Question

In Problem 21, what do you think is the interval of convergence for the Maclaurin series of $\mathit{s}\mathit{e}\mathit{c}\mathbf{}\mathit{x}$?

Short answer

The interval of convergence, around $x=0$ is$\left(\frac{-\pi }{2},\frac{\pi }{2}\right)$

Step-by-step solution

Given Information

The given value

$secx$

To obtain the Macluarin series

We found the Maclaurin Series, centered at$x=0$of the sec$x$by using the Trigonometric Property

$\sec x=\frac{1}{\cos x}$

Our aim is to find the interval of convergence of the Maclaurin Series of the sec function.

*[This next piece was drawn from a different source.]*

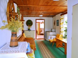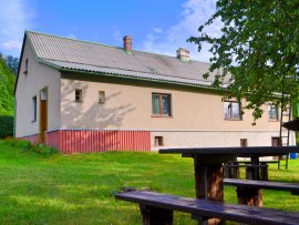 Chalupu je možné pronajmout jako celek nebo po částech. Chalupa má k dispozici dva apartmány, každý se svým vchodem. Apartmán č.1: obývací pokoj s TV a rádiem, dvě 2lůžkové ložnice, samostatná kuchyně vybavena el. chladničkou, el. vařičem, el. sporákem s troubou, sporákem na pevná paliva, rychlovarnou konvicí, nádobím aj., koupelna a WC. Apartmán č.2: 1. část: obývací pokoj se 4 lůžky, samostatná kuchyně vybavena el. vařičem, remoskou, rychlovarnou konvicí, lednicí, nádobím aj., 2. část: 4lůžková ložnice s jednou palandou, kuchyně vybavena mikrovlnkou, el. vařičem, remoskou, rychlovarnou konvicí, lednicí, nádobím aj. Velká společenská místnost s BTV, sprchový kout a WC. Vytápění pevnými palivy, ohřev vody boilerem. U chalupy zahradní posezení a ohniště, možnost úschovy kol. K dispozici bez povlečení!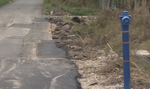 Канавка в проекта дори не е заложена. Докато бригадата полага настилката, заради тежестта на валяка част от вече готовия път пропада.

We do that, by equating the denominator by zero, yields

$\cos x=0$

$x=\frac{2n+1}{2}\pi$

Where$n=\dots ,-1,0,1,\dots$

Around $x=0$

The radius of convergence is$\frac{\pi }{2}$and the interval of convergence is$\left(\frac{-\pi }{2},\frac{\pi }{2}\right).$From the graph below, you can deduce that the sec function diverges at$x=\frac{2n+1}{2}\pi .$

The interval of convergence,$x=0$around is $\left(\frac{-\pi }{2},\frac{\pi }{2}\right)$.